What is needed. Could you restate the data word for word and drop the pictures?
----------------------------------------
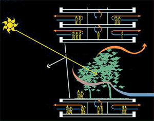 Снижение затрат энергии на отопление здания достигается использованием теплозащитного остекления с коэффициентом теплопередачи приблизительно 1,4–1,6 Вт/(м2.°C). Кроме этого, первый слой играет роль защитной оболочки, уменьшающей конвективный тепловой поток, направленный наружу. Зимой в ночное время пространство между внешней и внутренней оболочками фасада герметизируется, образуя статичную воздушную прослойку, обладающую хорошими теплоизоляционными свойствами. Снижению затрат энергии на отопление способствуют и зимние сады, обеспечивающие дополнительные теплопоступления за счет аккумулирования тепла солнечной радиации. Снижение затрат энергии на охлаждение здания достигается путем использования герметичных двойных стеклопакетов, заполненных инертным газом и отражающих инфракрасное излучение. Такие стеклопакеты используются в зимних садах, а также в ненесущих стенах по периметру офисных помещений. При этом солнцезащитные устройства устанавливаются между стеклопакетом и внешней светопрозрачной оболочкой здания. При поступлении в здание солнечной радиации происходит ее первоначальное ослабление посредством внешней светопрозрачной оболочки. Дальнейшее резкое уменьшение солнечной радиации осуществляется при помощи солнцезащитных устройств. Date: 2015-05-22; view: 606; Нарушение авторских прав |
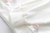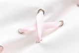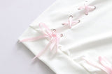 - Cute corset style lace up ties along the sides with sweet ribbons!
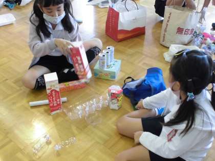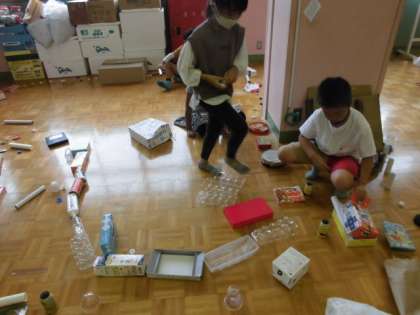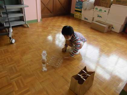 前回よりも集まった材料を集めて,「並べる」テーマに活動してみました。並べて行くと「ここ僕の部屋」「私が遊ぶ場所」と自分の家をイメージして並べていました。その隣では「おもしろボーリング」といって並べては壊して遊んでいました。次はどのような遊びを発明するでしょうか。楽しみです。
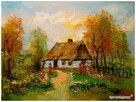 Na obrazie widzimy urokliwą scenę wiejską chatę pośród malw . Dominuje tu złocisty odcień strzechy i intensywna ...
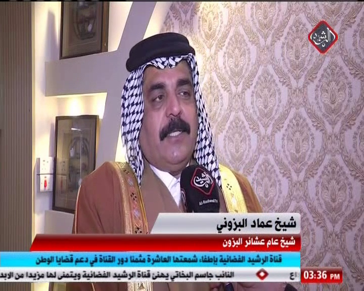 قدم عدد من المسؤولين وشيوخ عشائر واعلاميين وتربوين التهاني الى قناة الرشيد الفضائية بمناسبة تأسيس قناة الرشيد الفضائية الحادية عشرة
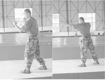 动作要领(以左鞭拳为例):左脚上步落于右脚前并稍内扣,身体右后转约180°,随即右脚经左脚后插步,身体继续右后转,同时以腰带动右臂向左侧横向鞭击,拳心向下,力达拳轮。左拳自然收护于颌前(图18.2.5)。
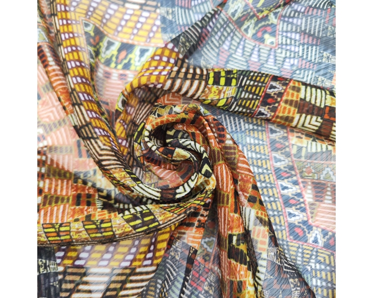 Ya sea que desees confeccionar una blusa bohemia, un vestido fluido o un pañuelo chic, esta gasa es la elección perfecta. Atrévete a explorar tu creatividad y añade un toque exótico a tus creaciones con nuestra tela de gasa estampada étnica en tonos marrones.
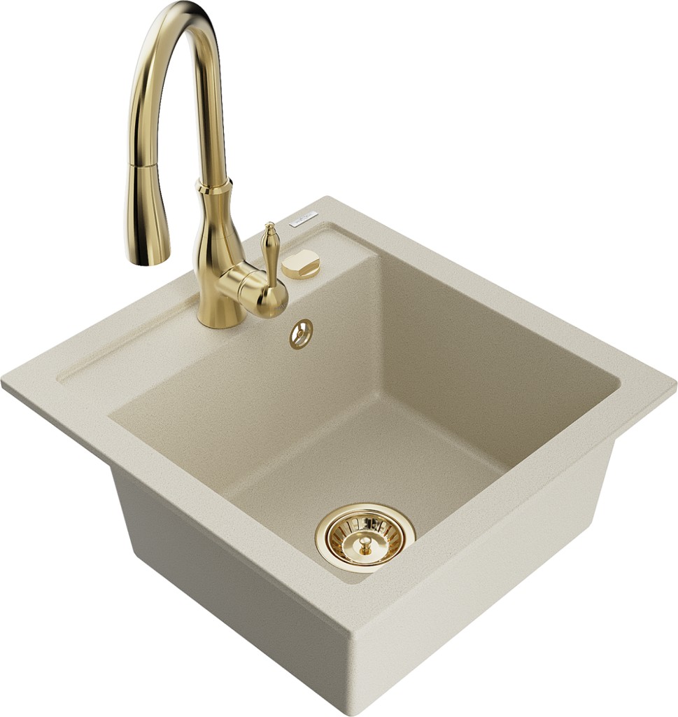 drez: Rozmer: 520 x 490 x 210 mm Hĺbka komory: 200 mm Rozmery komory: 410x360 mm Priemer odtoku: ø90 mm Typ: 1-komorový Typ: Zapustené do pracovnej dosky Farba béžová Povrchová úprava sifónu: zlatá Materiál: žula (80% žulové kamenivo, 20% živice) Prepadový otvor: Áno Otvory: (batérie, automatické) 2 Vysoká odolnosť proti poškriabaniu a zmene farby Odolnosť proti tepelným šokom Ľahko čistiteľný povrch Jeden dodatočný vyfrézovaný otvor na samodierovanie ø35 kuchynská batéria: Materiál: mosadz Farba: Zlatá Hlava: Keramická Prevzdušňovač: Áno Typ: Jedna páka Výška batérie: 410 mm Rozsah výtoku: 231 mm(GT) Ean: 5905315032966
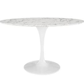 Mesa de Jantar Saarinen Redonda, Tampo 120 cm em GRANITO MÁRMORE CARRARA, com contra tampo em MDF, Base em alumínio fundido com pintura automotiva PU.
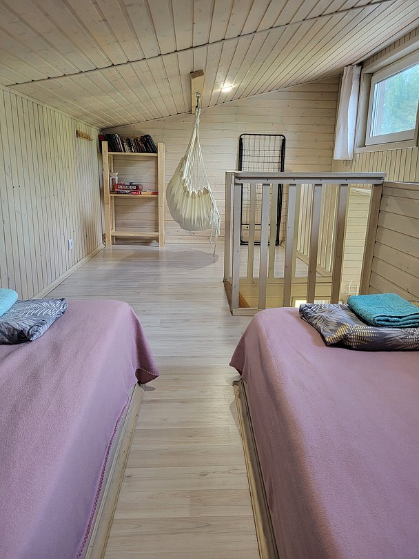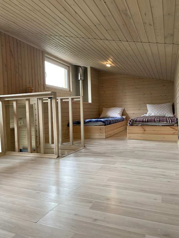 Лестница на антресольный этаж довольно крутая! В стоимость проживания включено посещение бани на дровах, а также обеспечение постельными принадлежностями и полотенцами.
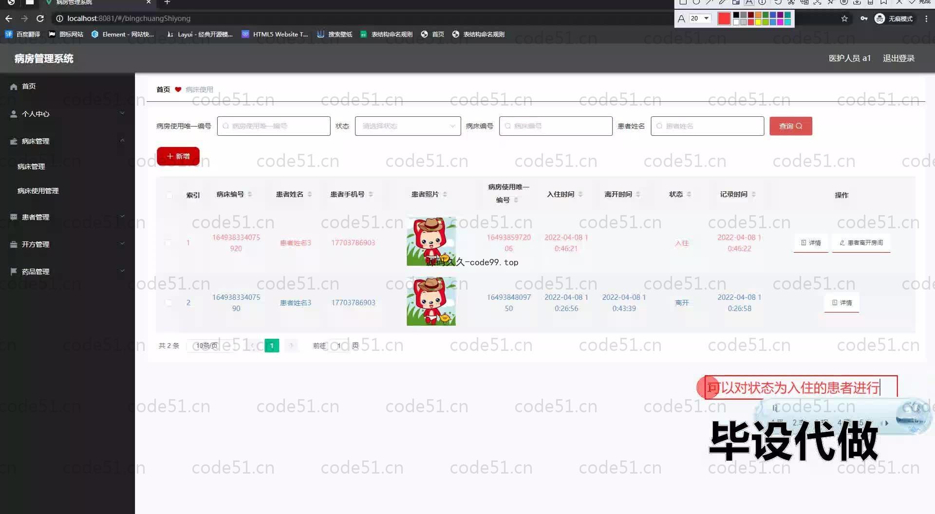 基于SpringBoot+MySQL+SSM+Vue.js的病房管理系统(附论文),用户,管理员角色等(具体看下演示视频提供)。当下,如果还依然使用纸质文档来记录并且管理相关信息,可能会出现很多问题,比如原始文件的丢失,因为采用纸质文档,很容易受潮或者怕火,不容易备份,需要花费大量的人员和资金来管理用纸质文档存储的信息,最重要的是数据出现问题寻找起来很麻烦,并且修改也困难,如果还这样操作会造成很大的资源浪费和经济损失。所以,对于本课题研究的病房信息的管理就需要有一款软件来代替手工操作,因此病房管理系统就应运而生。
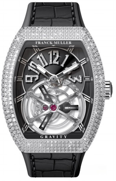 Модель Franck Muller Gravity V 45 T GRAVITY CS преставлена в корпусе из белого золота 18к, на ремешке черного цвета из кожи аллигатора. Каретка турбийона демонстрирует инновационную эллиптическую форму. Мост и основа традиционного турбийона имеют форму круга эллипса, диаметром 21,2 мм и высотой 7,7 мм. Его конструкция занимает всю нижнюю часть циферблата, совершая полный оборот каждые 60 секунд. Эксцентричный баланс диаметром 14 мм разместился возле нетрадиционного турбийона. Сквозь прозрачное сапфировое стекло можна насладится отделкой часового механизма с двух сторон корпуса. Верхняя часть циферблата черного цвета. Трехмерные арабские цифры занимают положение от 9 к 3 часам. Часовая и минутная стрелки имеют мечеобразную форму, заполнены люминесцентной краской. Водонепроницаемость корпуса до 30 метров. Внутри крупного бочкообразного корпуса размером 44 x 53.7 х 15.1 мм разместился часовой механизм с ручным заводом, Калибр CS-03, обладающий запасом хода 5 дней. Корпус инкрустирован белыми бриллиантами.
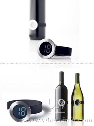 酒温计背后有一扣压式感应器,只要将酒温计扣至瓶身,酒温计便立刻感应到瞬间的酒温状况,可侦测温度范围为摄氏5度 ~ 30度;连续一小时显示后,会自动节电关闭,电池寿命可达 2,000 个小时;显示的酒瓶温度会精确地比瓶内酒温高一度;同时,说明书中也将记载各式红、白酒的最适保存温度,为您提供最完整的参考。备有防震装置,家中有小孩触碰也不怕,而且体积小巧,放在家中任何一个角落也可。
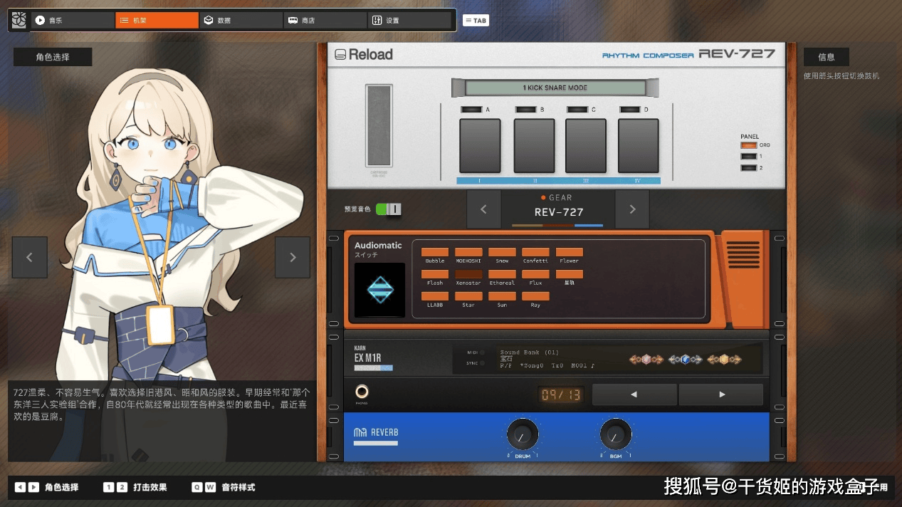 每位角色都对应各种的一套鼓机音色与人物立绘。并且,整体美术设计还是很可爱的,也会对玩家的点击互动产生一些轻微反应,以及音游环节的一些Q版小表情。虽说角色数量不算多,但未来应该也会不断更新。带来更多音色类型。
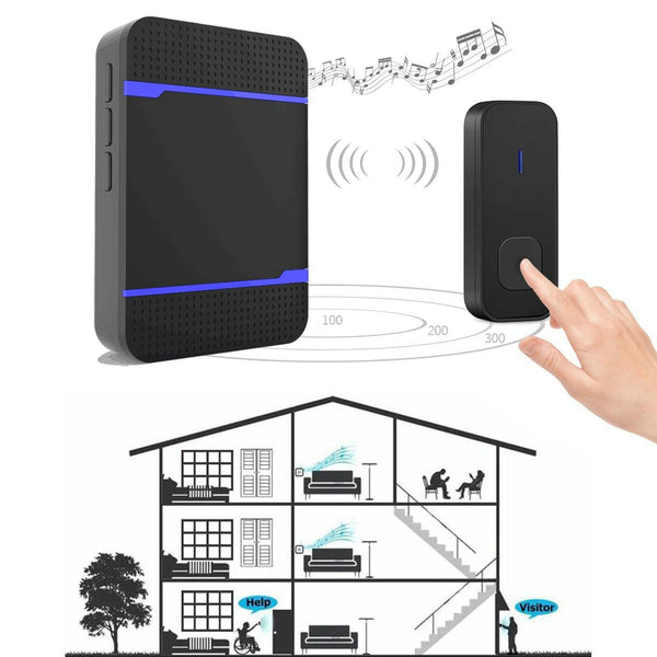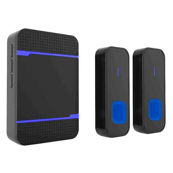Wireless Doorbell Kit, 2 Transmitters, 300m Range, IP55 Waterproof, US Plug (Black)
----------------------------------------
Result below.
 Снижение затрат энергии на отопление здания достигается использованием теплозащитного остекления с коэффициентом теплопередачи приблизительно 1,4–1,6 Вт/(м2.°C). Кроме этого, первый слой играет роль защитной оболочки, уменьшающей конвективный тепловой поток, направленный наружу. Зимой в ночное время пространство между внешней и внутренней оболочками фасада герметизируется, образуя статичную воздушную прослойку, обладающую хорошими теплоизоляционными свойствами. Снижению затрат энергии на отопление способствуют и зимние сады, обеспечивающие дополнительные теплопоступления за счет аккумулирования тепла солнечной радиации. Снижение затрат энергии на охлаждение здания достигается путем использования герметичных двойных стеклопакетов, заполненных инертным газом и отражающих инфракрасное излучение. Такие стеклопакеты используются в зимних садах, а также в ненесущих стенах по периметру офисных помещений. При этом солнцезащитные устройства устанавливаются между стеклопакетом и внешней светопрозрачной оболочкой здания. При поступлении в здание солнечной радиации происходит ее первоначальное ослабление посредством внешней светопрозрачной оболочки. Дальнейшее резкое уменьшение солнечной радиации осуществляется при помощи солнцезащитных устройств. Date: 2015-05-22; view: 606; Нарушение авторских прав |
 - Cute corset style lace up ties along the sides with sweet ribbons!
 前回よりも集まった材料を集めて,「並べる」テーマに活動してみました。並べて行くと「ここ僕の部屋」「私が遊ぶ場所」と自分の家をイメージして並べていました。その隣では「おもしろボーリング」といって並べては壊して遊んでいました。次はどのような遊びを発明するでしょうか。楽しみです。
 Na obrazie widzimy urokliwą scenę wiejską chatę pośród malw . Dominuje tu złocisty odcień strzechy i intensywna ...
 قدم عدد من المسؤولين وشيوخ عشائر واعلاميين وتربوين التهاني الى قناة الرشيد الفضائية بمناسبة تأسيس قناة الرشيد الفضائية الحادية عشرة
 动作要领(以左鞭拳为例):左脚上步落于右脚前并稍内扣,身体右后转约180°,随即右脚经左脚后插步,身体继续右后转,同时以腰带动右臂向左侧横向鞭击,拳心向下,力达拳轮。左拳自然收护于颌前(图18.2.5)。
 Ya sea que desees confeccionar una blusa bohemia, un vestido fluido o un pañuelo chic, esta gasa es la elección perfecta. Atrévete a explorar tu creatividad y añade un toque exótico a tus creaciones con nuestra tela de gasa estampada étnica en tonos marrones.
 drez: Rozmer: 520 x 490 x 210 mm Hĺbka komory: 200 mm Rozmery komory: 410x360 mm Priemer odtoku: ø90 mm Typ: 1-komorový Typ: Zapustené do pracovnej dosky Farba béžová Povrchová úprava sifónu: zlatá Materiál: žula (80% žulové kamenivo, 20% živice) Prepadový otvor: Áno Otvory: (batérie, automatické) 2 Vysoká odolnosť proti poškriabaniu a zmene farby Odolnosť proti tepelným šokom Ľahko čistiteľný povrch Jeden dodatočný vyfrézovaný otvor na samodierovanie ø35 kuchynská batéria: Materiál: mosadz Farba: Zlatá Hlava: Keramická Prevzdušňovač: Áno Typ: Jedna páka Výška batérie: 410 mm Rozsah výtoku: 231 mm(GT) Ean: 5905315032966
 Mesa de Jantar Saarinen Redonda, Tampo 120 cm em GRANITO MÁRMORE CARRARA, com contra tampo em MDF, Base em alumínio fundido com pintura automotiva PU.
 Лестница на антресольный этаж довольно крутая! В стоимость проживания включено посещение бани на дровах, а также обеспечение постельными принадлежностями и полотенцами.
 基于SpringBoot+MySQL+SSM+Vue.js的病房管理系统(附论文),用户,管理员角色等(具体看下演示视频提供)。当下,如果还依然使用纸质文档来记录并且管理相关信息,可能会出现很多问题,比如原始文件的丢失,因为采用纸质文档,很容易受潮或者怕火,不容易备份,需要花费大量的人员和资金来管理用纸质文档存储的信息,最重要的是数据出现问题寻找起来很麻烦,并且修改也困难,如果还这样操作会造成很大的资源浪费和经济损失。所以,对于本课题研究的病房信息的管理就需要有一款软件来代替手工操作,因此病房管理系统就应运而生。
 Модель Franck Muller Gravity V 45 T GRAVITY CS преставлена в корпусе из белого золота 18к, на ремешке черного цвета из кожи аллигатора. Каретка турбийона демонстрирует инновационную эллиптическую форму. Мост и основа традиционного турбийона имеют форму круга эллипса, диаметром 21,2 мм и высотой 7,7 мм. Его конструкция занимает всю нижнюю часть циферблата, совершая полный оборот каждые 60 секунд. Эксцентричный баланс диаметром 14 мм разместился возле нетрадиционного турбийона. Сквозь прозрачное сапфировое стекло можна насладится отделкой часового механизма с двух сторон корпуса. Верхняя часть циферблата черного цвета. Трехмерные арабские цифры занимают положение от 9 к 3 часам. Часовая и минутная стрелки имеют мечеобразную форму, заполнены люминесцентной краской. Водонепроницаемость корпуса до 30 метров. Внутри крупного бочкообразного корпуса размером 44 x 53.7 х 15.1 мм разместился часовой механизм с ручным заводом, Калибр CS-03, обладающий запасом хода 5 дней. Корпус инкрустирован белыми бриллиантами.
 酒温计背后有一扣压式感应器,只要将酒温计扣至瓶身,酒温计便立刻感应到瞬间的酒温状况,可侦测温度范围为摄氏5度 ~ 30度;连续一小时显示后,会自动节电关闭,电池寿命可达 2,000 个小时;显示的酒瓶温度会精确地比瓶内酒温高一度;同时,说明书中也将记载各式红、白酒的最适保存温度,为您提供最完整的参考。备有防震装置,家中有小孩触碰也不怕,而且体积小巧,放在家中任何一个角落也可。
 每位角色都对应各种的一套鼓机音色与人物立绘。并且,整体美术设计还是很可爱的,也会对玩家的点击互动产生一些轻微反应,以及音游环节的一些Q版小表情。虽说角色数量不算多,但未来应该也会不断更新。带来更多音色类型。
Wireless Doorbell Kit, 2 Transmitters, 300m Range, IP55 Waterproof, US Plug (Black)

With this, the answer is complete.